Instructions to follow: All records are to be transcribed in full; any pictures among them are to be skipped.

Collected data:
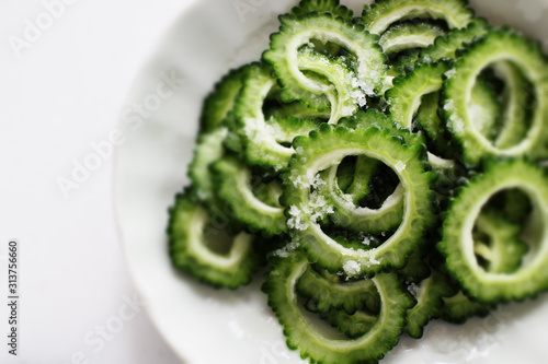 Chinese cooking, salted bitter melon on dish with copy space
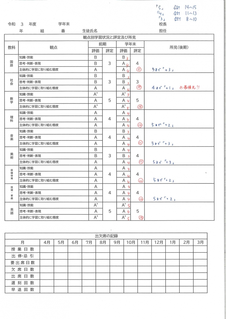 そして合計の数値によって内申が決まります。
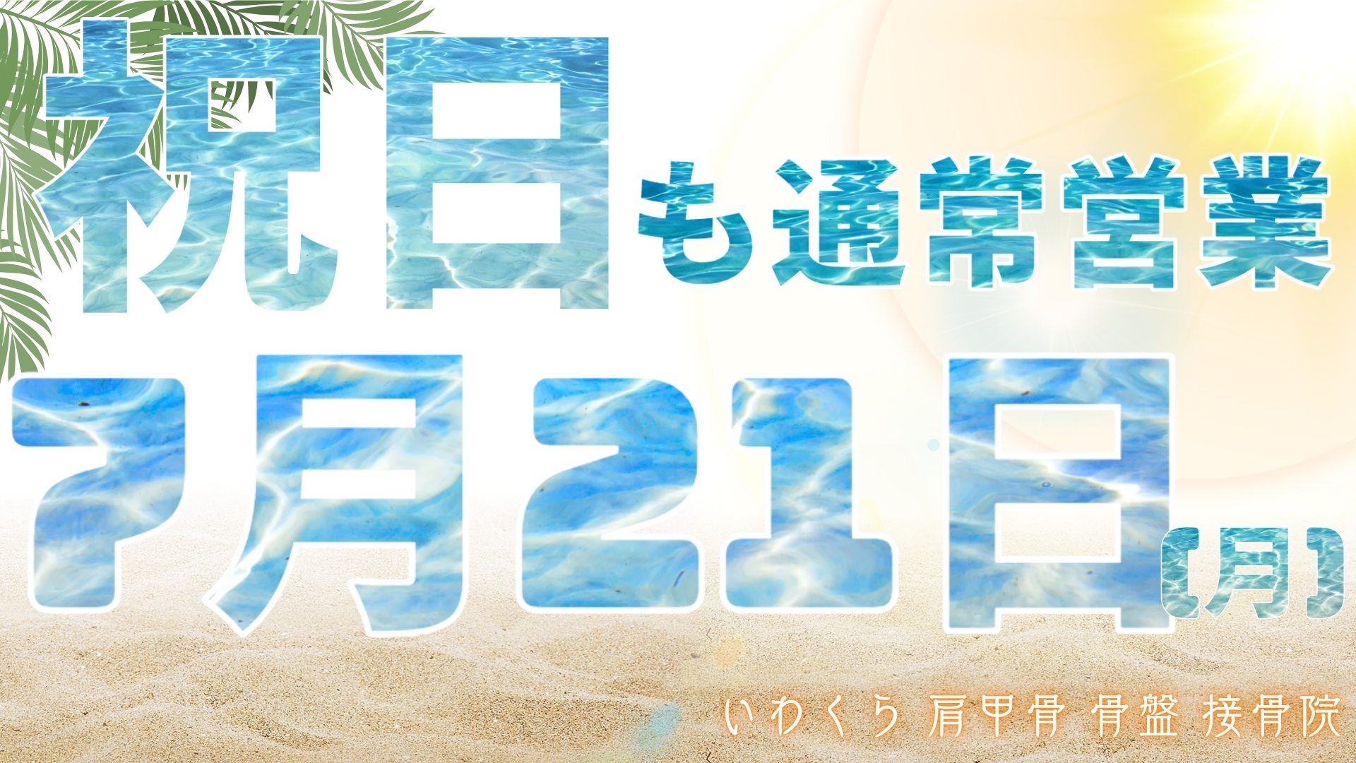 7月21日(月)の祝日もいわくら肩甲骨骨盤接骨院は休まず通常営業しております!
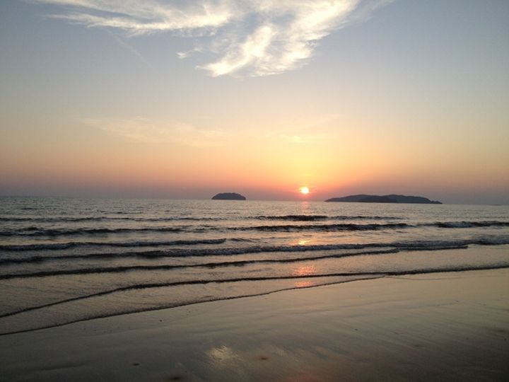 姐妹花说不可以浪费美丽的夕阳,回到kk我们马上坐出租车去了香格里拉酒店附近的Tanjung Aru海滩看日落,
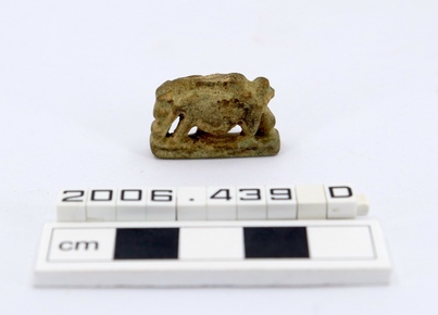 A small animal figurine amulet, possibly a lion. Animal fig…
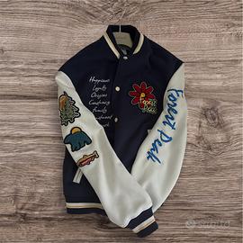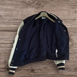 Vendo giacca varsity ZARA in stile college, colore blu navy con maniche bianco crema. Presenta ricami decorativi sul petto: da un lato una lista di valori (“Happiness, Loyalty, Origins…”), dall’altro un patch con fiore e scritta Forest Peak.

Result of the exercise:
 Chinese cooking, salted bitter melon on dish with copy space
 そして合計の数値によって内申が決まります。
 7月21日(月)の祝日もいわくら肩甲骨骨盤接骨院は休まず通常営業しております!
 姐妹花说不可以浪费美丽的夕阳,回到kk我们马上坐出租车去了香格里拉酒店附近的Tanjung Aru海滩看日落,
 A small animal figurine amulet, possibly a lion. Animal fig…
 Vendo giacca varsity ZARA in stile college, colore blu navy con maniche bianco crema. Presenta ricami decorativi sul petto: da un lato una lista di valori (“Happiness, Loyalty, Origins…”), dall’altro un patch con fiore e scritta Forest Peak.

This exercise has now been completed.